> **Task description**
Reproduce, exactly and in full, the lines from the one with "Wooden DIY Moon" through the one with "Wie wahrscheinlich alle" in the data below; drop pictures.

> **Source data**
Start of Block

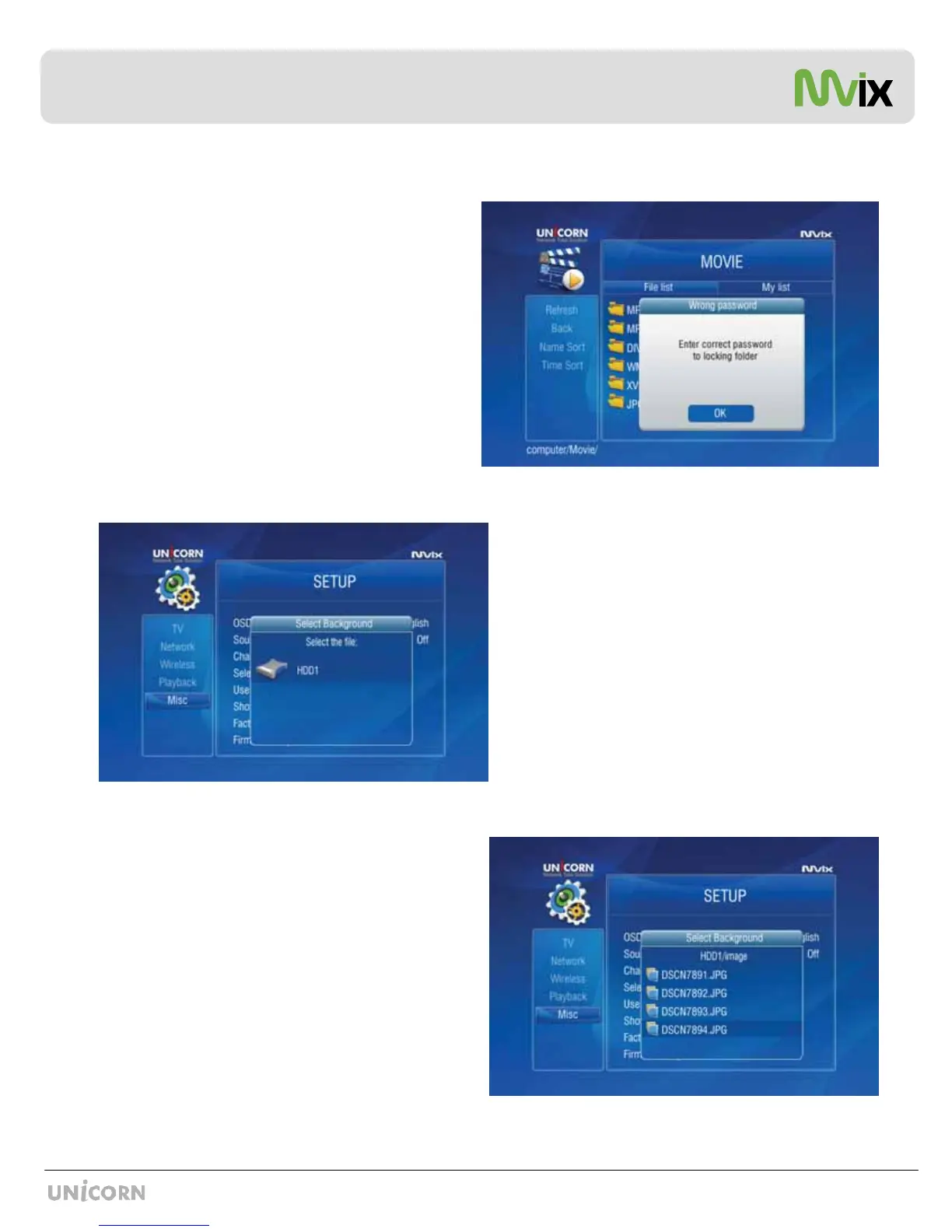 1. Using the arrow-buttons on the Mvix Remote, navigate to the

End of Block
Start of Block

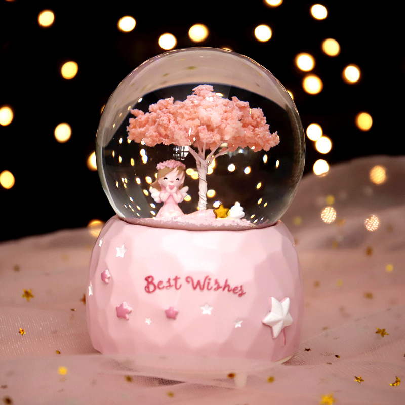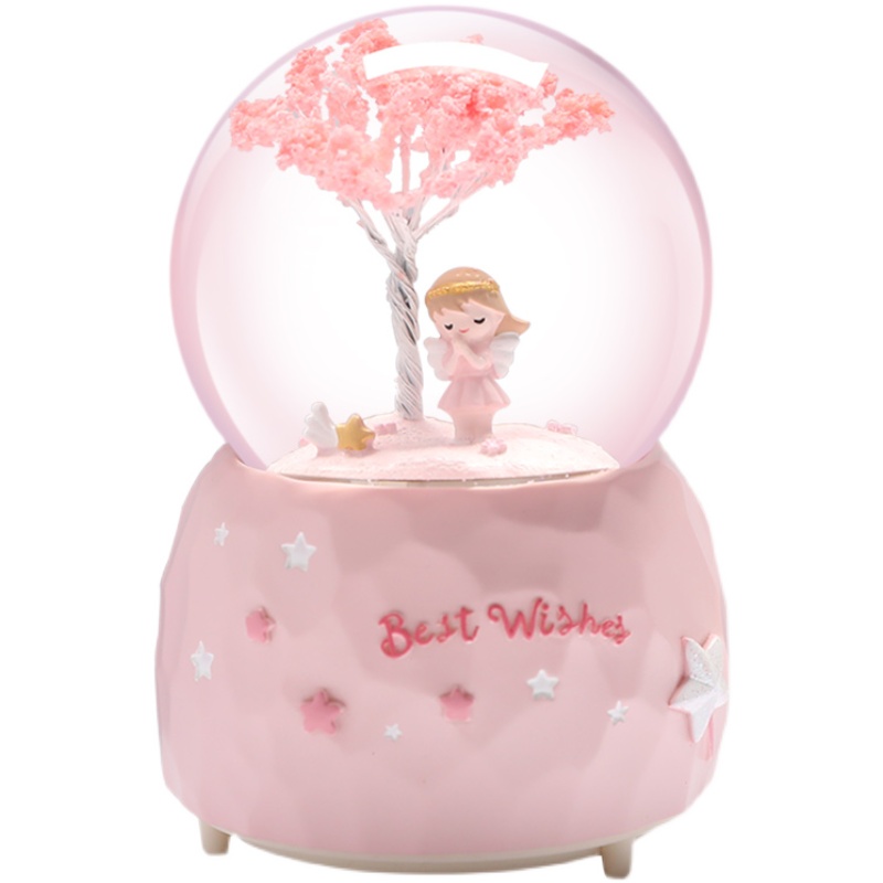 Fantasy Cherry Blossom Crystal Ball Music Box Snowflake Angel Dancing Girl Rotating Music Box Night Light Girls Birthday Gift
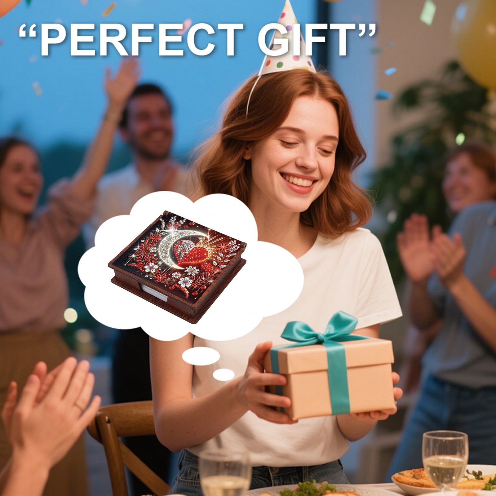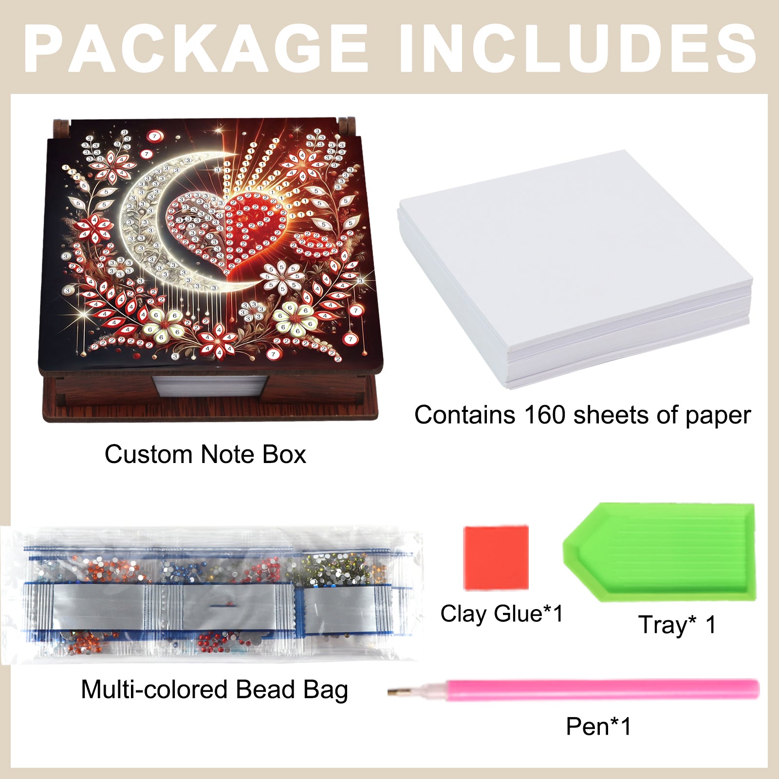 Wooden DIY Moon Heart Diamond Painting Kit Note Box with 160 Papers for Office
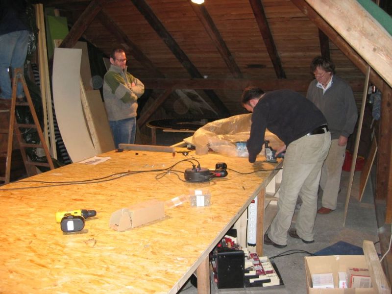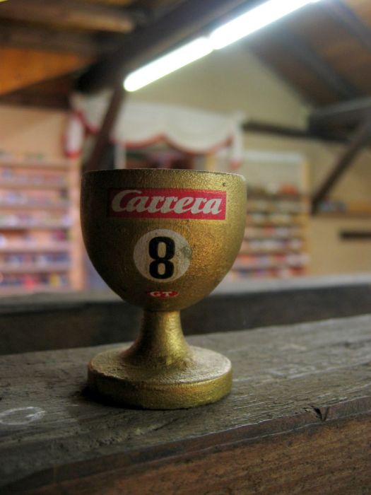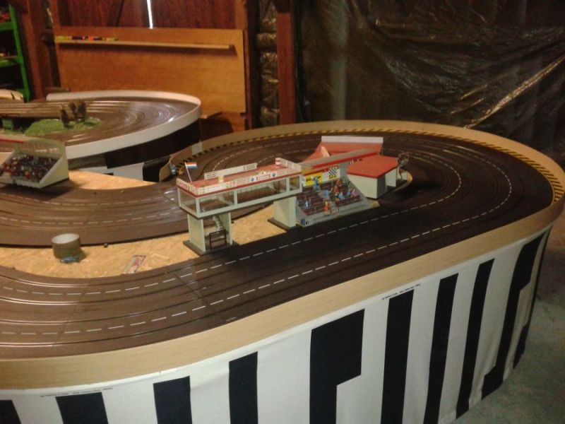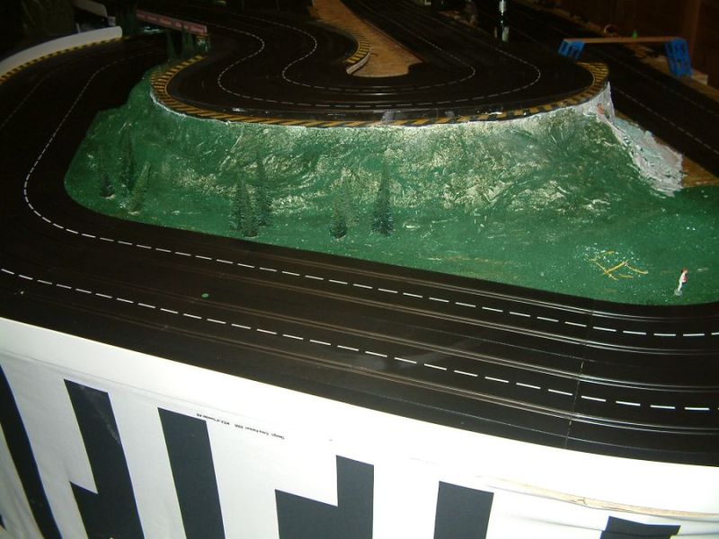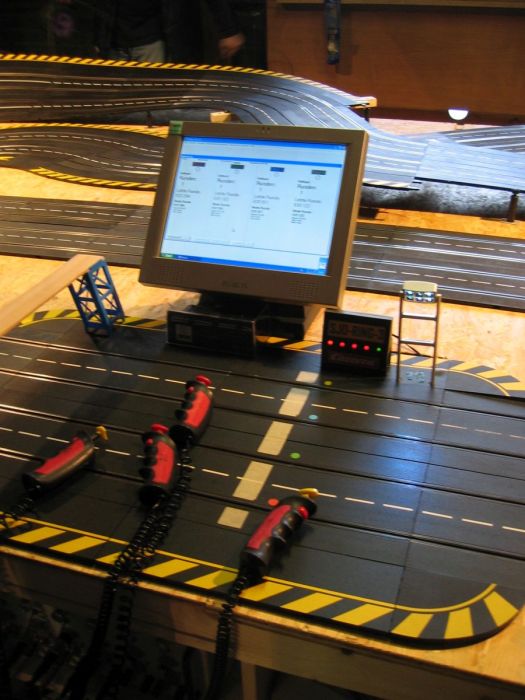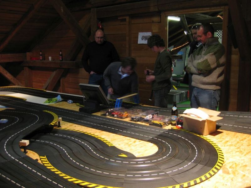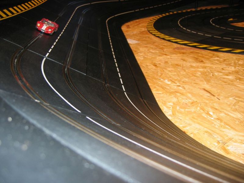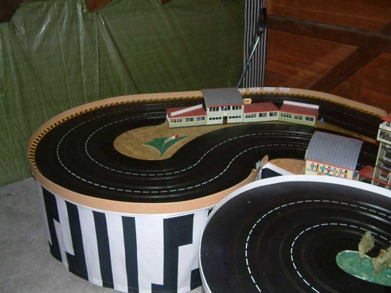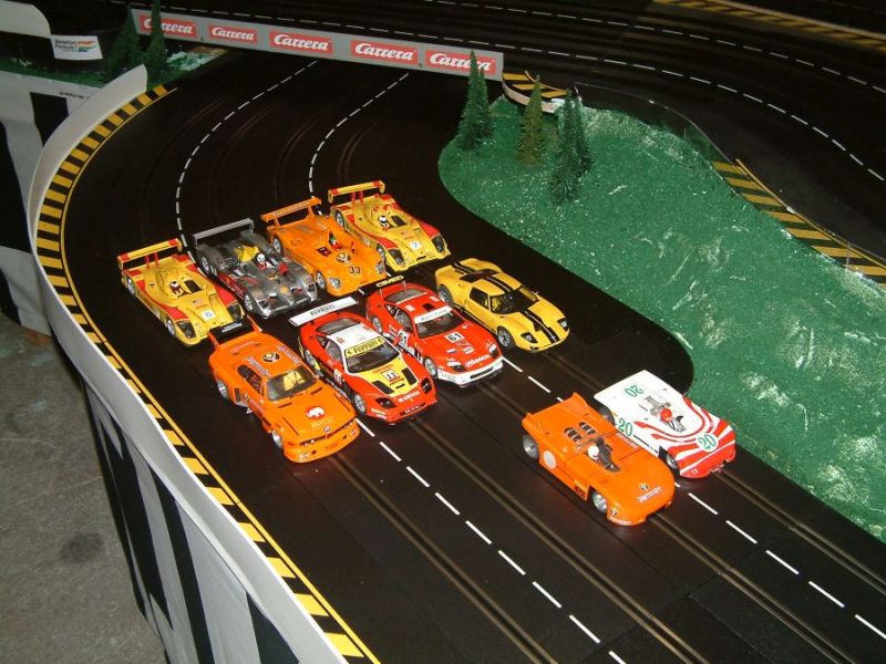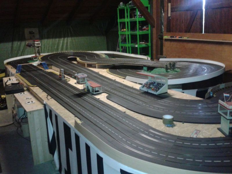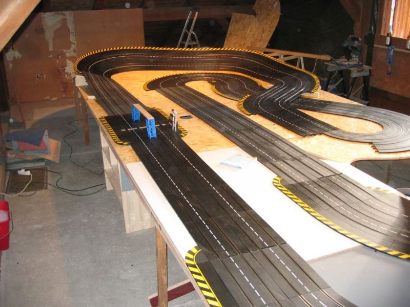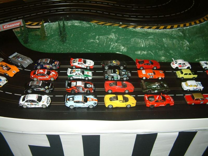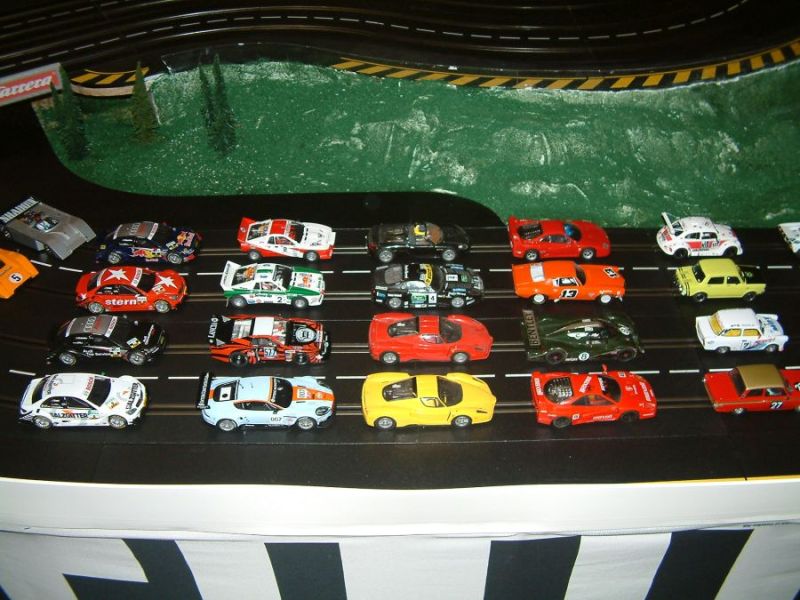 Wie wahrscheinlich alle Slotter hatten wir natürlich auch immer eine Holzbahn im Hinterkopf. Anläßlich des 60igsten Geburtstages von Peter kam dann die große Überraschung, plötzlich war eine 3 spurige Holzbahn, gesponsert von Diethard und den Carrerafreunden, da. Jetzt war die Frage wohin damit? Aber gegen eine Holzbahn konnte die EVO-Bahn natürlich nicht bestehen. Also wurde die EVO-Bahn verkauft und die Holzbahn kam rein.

End of Block

> **Solution for this exercise**
 Wooden DIY Moon Heart Diamond Painting Kit Note Box with 160 Papers for Office
 Wie wahrscheinlich alle Slotter hatten wir natürlich auch immer eine Holzbahn im Hinterkopf. Anläßlich des 60igsten Geburtstages von Peter kam dann die große Überraschung, plötzlich war eine 3 spurige Holzbahn, gesponsert von Diethard und den Carrerafreunden, da. Jetzt war die Frage wohin damit? Aber gegen eine Holzbahn konnte die EVO-Bahn natürlich nicht bestehen. Also wurde die EVO-Bahn verkauft und die Holzbahn kam rein.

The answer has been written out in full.